Each pixel point of (a) is assigned a weight.

According to embodiments of the present disclosure, a self-attentive mechanism will be cited

Conversion to transitional image features

The method comprises the following steps: using a filter pair of size 1 and outputting 32 channels

Performing convolution operation to obtain transition image characteristics

Adopting Sigmoid function as transition image characteristic

Each pixel point of (1) allocationThe weight is calculated according to the following formula;

wherein, (i, j) represents a row coordinate and a column coordinate, respectively; H. w represents the pixel width and height of the image feature, respectively;

representing transitional image features

The weight assigned to each pixel point.

According to an embodiment of the present disclosure, the receptive field enlarging branch comprises two partial image sub-features, each partial image sub-feature being formed by two consecutive hole convolutions, wherein: the sub-features of the two partial images are calculated according to the following formulas respectively:

wherein the content of the first and second substances,

a first partial image sub-feature and a second partial image sub-feature, respectively;

respectively representing a first hole convolution operation and a second hole convolution operation;

respectively representing parameter sets of the label filter corresponding to the first hole convolution operation and the second hole convolution operation; Θ denotes the Relu activation function;

to represent

And the converted corresponding pixel points are distributed with weights.

According to an embodiment of the present disclosure, an image A is input_nD scale feature of

Calculated according to the following formula:

wherein the content of the first and second substances,

a first volume operation is shown as a first volume operation,

a parameter set representing a label filter corresponding to the first convolution operation; cat (·) denotes cascade operation; pooling (. cndot.) represents a pooling operation, with a pooling step size of 2 being set.

According to the embodiment of the disclosure, the image features of k-level scale are subjected to the same-level scale fusion mode

Performing preliminary fusion to obtain a preliminary fusion characteristic U^dThe method comprises the following steps: image features with same scale from two input images

Cascading, and then obtaining a weight value graph through a softmax layer; d scale feature

Adding the product multiplied by the weight value graph corresponding to the d-th scale to obtainPreliminary fusion features U to d-th scale^d。

According to an embodiment of the present disclosure, the features U are preliminarily fused^dCalculated according to the following formula:

wherein, mapn (n is 1, 2) represents a weight map obtained through softmax layer operation; cat (.) denotes cascade operation; denotes multiplication operations at the pixel level; + represents an addition operation at the pixel level.
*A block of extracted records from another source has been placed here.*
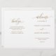 Welcome your guest with this exquisite wedding ceremony program, featuring gorgeous modern hand written script calligraphy details in faux gold foil, rest of text in golden hues. Personalise wording in all sides. NOTE: this programs arrive flat and require folding down the middle to assemble. The default value paper is recommended. Ability to delete top and bottom lines if desired by selecting "customise further". For a clean fold we suggest the use of inexpensive bone folder. The size refers to the program "before" it's folded. Part of our "Elegant Calligraphy Minimalist Wedding" collection with a variety of coordinating products available.
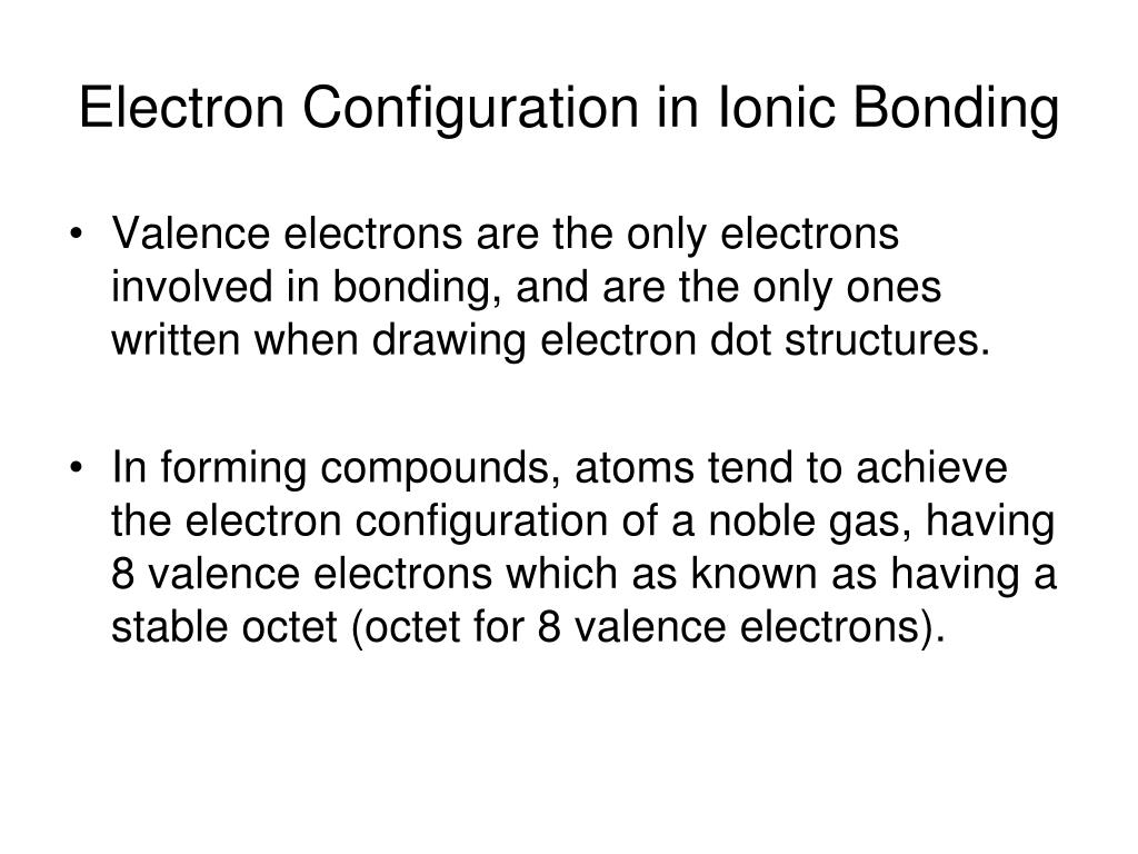 Electron Configuration in Ionic Bonding • Valence electrons are the only electrons involved in bonding, and are the only ones written when drawing electron dot structures. • In forming compounds, atoms tend to achieve the electron configuration of a noble gas, having 8 valence electrons which as known as having a stable octet (octet for 8 valence electrons).
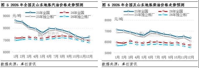 驱动因素整体偏向利空,成品油行情或偏弱运行 2026年中国汽、柴油供需双弱局面预期延续,基本面的驱动因素对国内成品油市场整体利空,将从根本上对市场价格形成抑制。而从原油方面分析,卓创资讯预计在宏观风险整体可控、不发生地缘冲突超预期升温危机事件的情况下,国际油价中枢在2026年或继续下移。预计国际原油价格或在年中触及年内最低点,6-7月回升后震荡运行,四季度仍有偏弱预期,全年价格中枢较2025年下移,对国内成品油价格走势偏向利空。 综合研判,预计2026年国内成品油价格或呈现先跌后涨再跌的阶段性走势,均值同比下滑。预计年内全国及山东地炼92#汽油批发均价或分别在6950-7350、6800-7200元/吨;全国及山东地炼0#柴油批发均价或分别在5700-6100、5500-5900元/吨波动。 其中92#汽油批发价格高位或出现在8月,主要原因在于期间原油有望维持偏强走势,叠加国内暑假开启,居民驾车出行范围将扩大,出行频次有望提升,同时高温天气下,汽车空调用油有所增加,汽油需求或存在阶段性转好为汽油批发价格上行提供一定助力,汽油批发价格有望达到年内高位。0#柴油批发价格高位或出现在3月,主要原因在于,国内温度逐渐上升,户外工程开工负荷逐渐提升以及电商购物节陆续开启,叠加原油价格重心有望较前期上移,多重利好因素叠加助力柴油批发价格回涨。汽油及柴油批发均价低位或出现在12月份,主要原因在于,原油价格有望在该月份将至年内偏低水平,炼厂生产成本有望降低,同时,国内温度较低,且无大型假期,汽柴油需求呈现偏弱态势,预计汽柴油批发价格或较前期继续回落,汽柴油批发价格或刷新年内低值。

According to the embodiment of the disclosure, the primary fusion characteristics U of each level scale are combined^dPreliminarily fusing the characteristics U with the previous stage after inverse transformation^d+1Performing fusion to obtain refined fusion characteristic U'^dThe method comprises the following steps: adopting a step-by-step scale reverse transmission mode to enable the preliminary fusion characteristic U of the d-level scale^dThe preliminary fusion feature of the previous-level scale obtained after inverse transformation is changed into a preliminary fusion feature U^d+1(ii) a To the previous level preliminary fusion characteristics U^d+1Post-upsampling and preliminary fusion features U^dPerforming fusion to obtain refined fusion characteristic U'^d。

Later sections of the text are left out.